Ben Abraham Ron, Matza Menachem, Marmor Sylvia, Rudick Valery, Frolkis Inna, Shapira Itzhak, Weinbroum Avi A
Departments of Anesthesiology and Critical Care, Tel Aviv Sourasky Medical Center and the Sackler Faculty of Medicine, Tel Aviv University, Tel Aviv, Israel.
Eur J Cardiothorac Surg. 2003 Jan;23(1):66-73. doi: 10.1016/s1010-7940(02)00729-7.
Animal myocardial dysfunction induced by remote ischemia-reperfusion (IR) was shown to be partly accomplished via a direct effect of the pro-oxidant xanthine oxidase (XO). This direct remote effect was not tested in humans. We now assessed the performance of human auricles in the presence of solutions containing XO and/or allopurinol and compared them to those of rat myocardial strips.

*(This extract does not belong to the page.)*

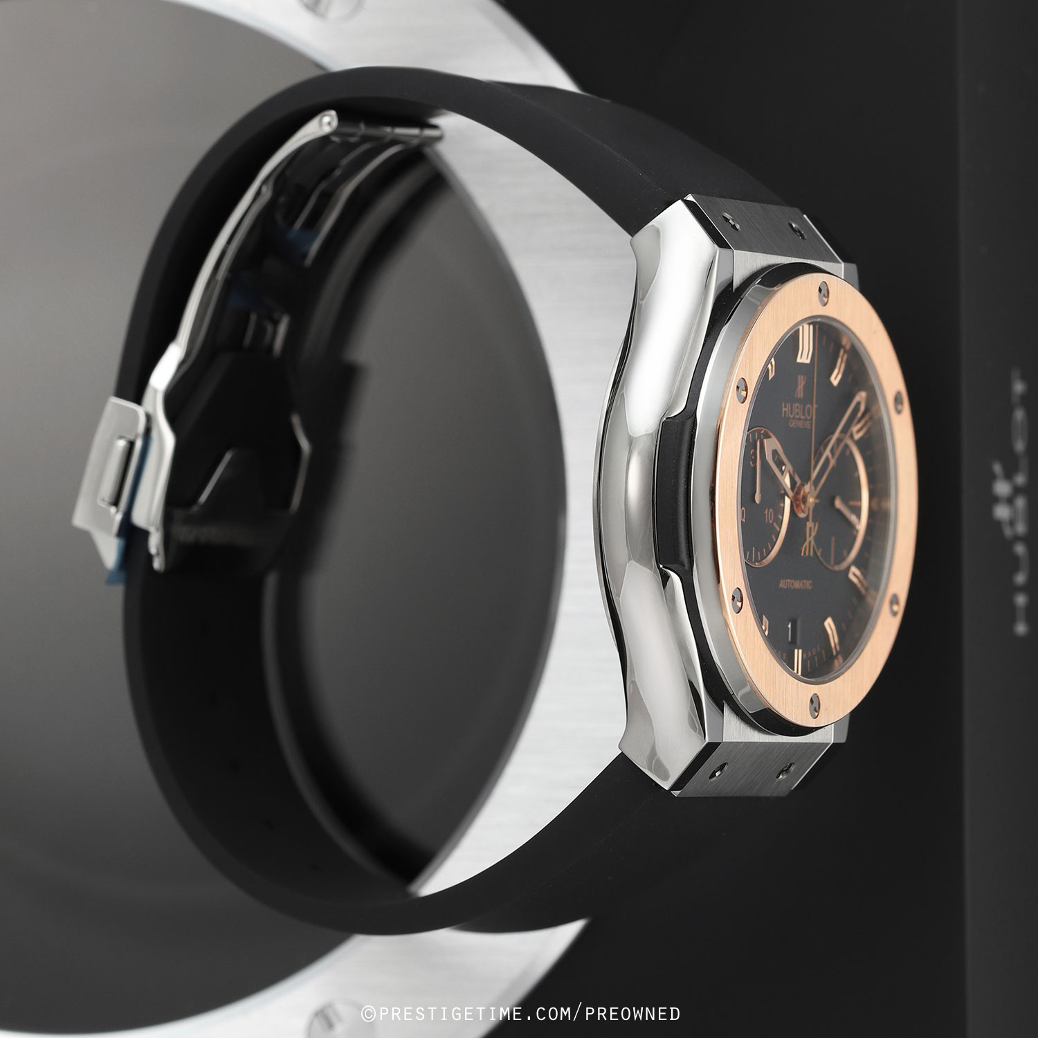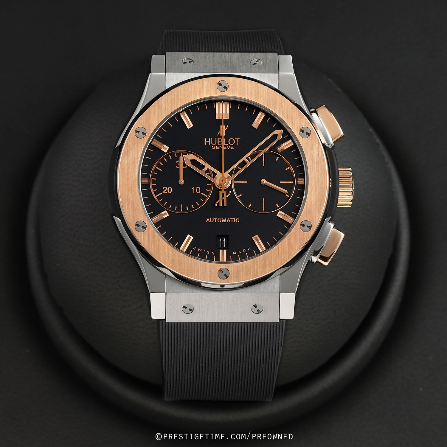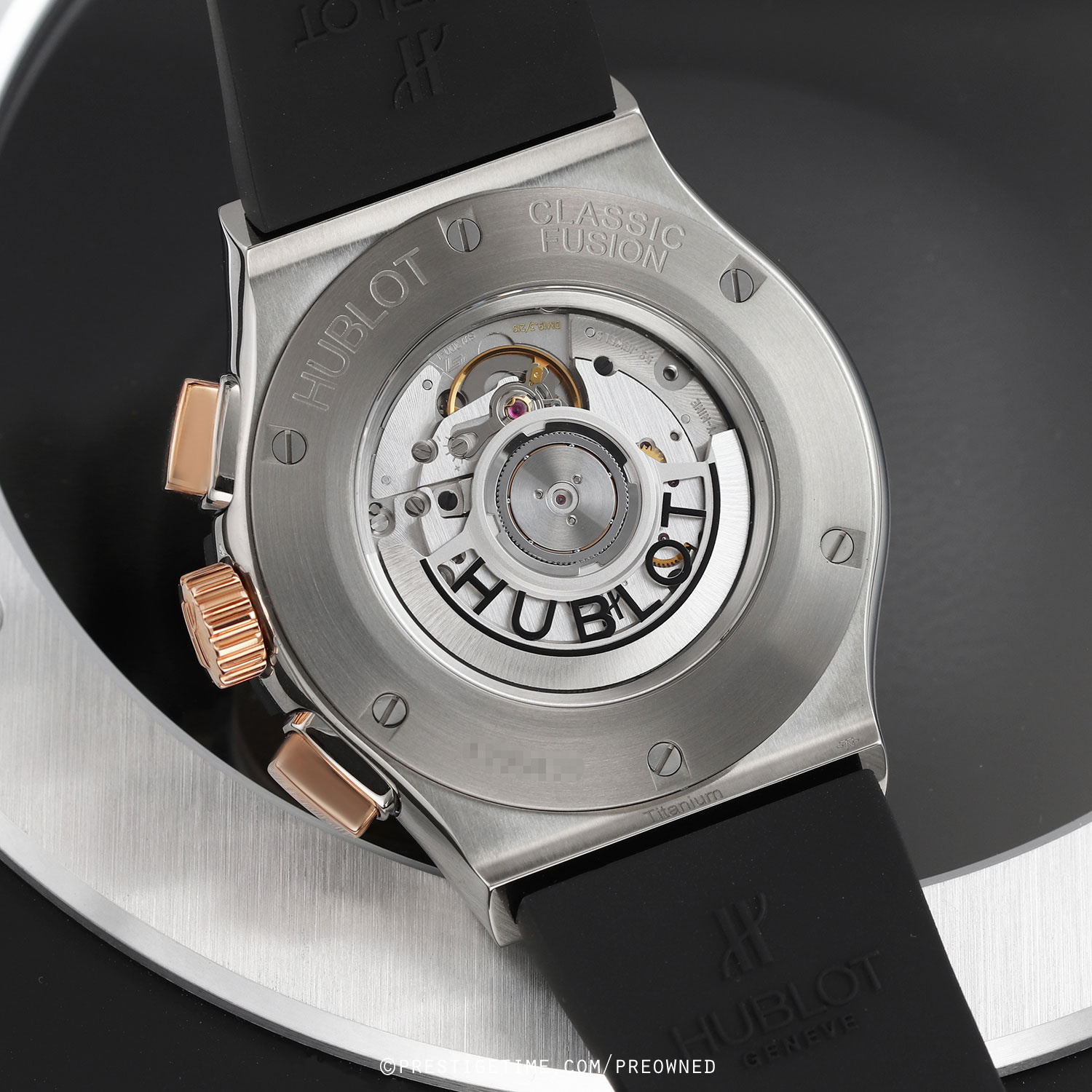 Movement: Powered by a Hublot caliber HUB1143 (base SW300-1 with Dubois-Depraz chrono module), beats at 28,800 vph (4Hz), contains 59 jewels & a power reserve of +/- 42 hours

Human and rat specimens (n=64) were separately exposed for 2h to Krebs-Henseleit solution that either (1) exited from rat livers that were earlier perfused for 2h (control-human or control-rat), (2) exited from livers that were earlier made ischemic for 2h (IR-human, IR-rat), (3) contained xanthine (X) 3.8 microM + XO 3 mU ml(-1) (X+XO-human, X+XO-rat), or (4) exited from post 2h-ischemic livers and contained 100 microM allopurinol (human or rat IR + allopurinol groups).
Unlike the unchanged electromechanical performance in the control and IR+allopurinol auricles and strips, the rates of contraction, maximal force of contraction and working index of either preparation were reduced by 75-98% (P<0.01) when exposed to the IR reperfusate or to the X+XO-enriched Krebs. The basal amplitudes of contraction in these four latter groups increased twofold (P<0.01). XO activity was similarly low in the control and in the IR+allopurinol groups, but four- to 45-fold (P<0.001) higher in the IR and the X+XO groups, both in the rat and human organs. The reduced glutathione was reduced by approximately 50% (P<0.01) in either preparation in the IR and the X+XO groups compared to the control and IR+allopurinol groups.
Remotely and exogenously originated oxidative burst directly induces electromechanical dysfunction and disrupts oxidant/antioxidant balance in human auricles as it does in the rat myocardial strip.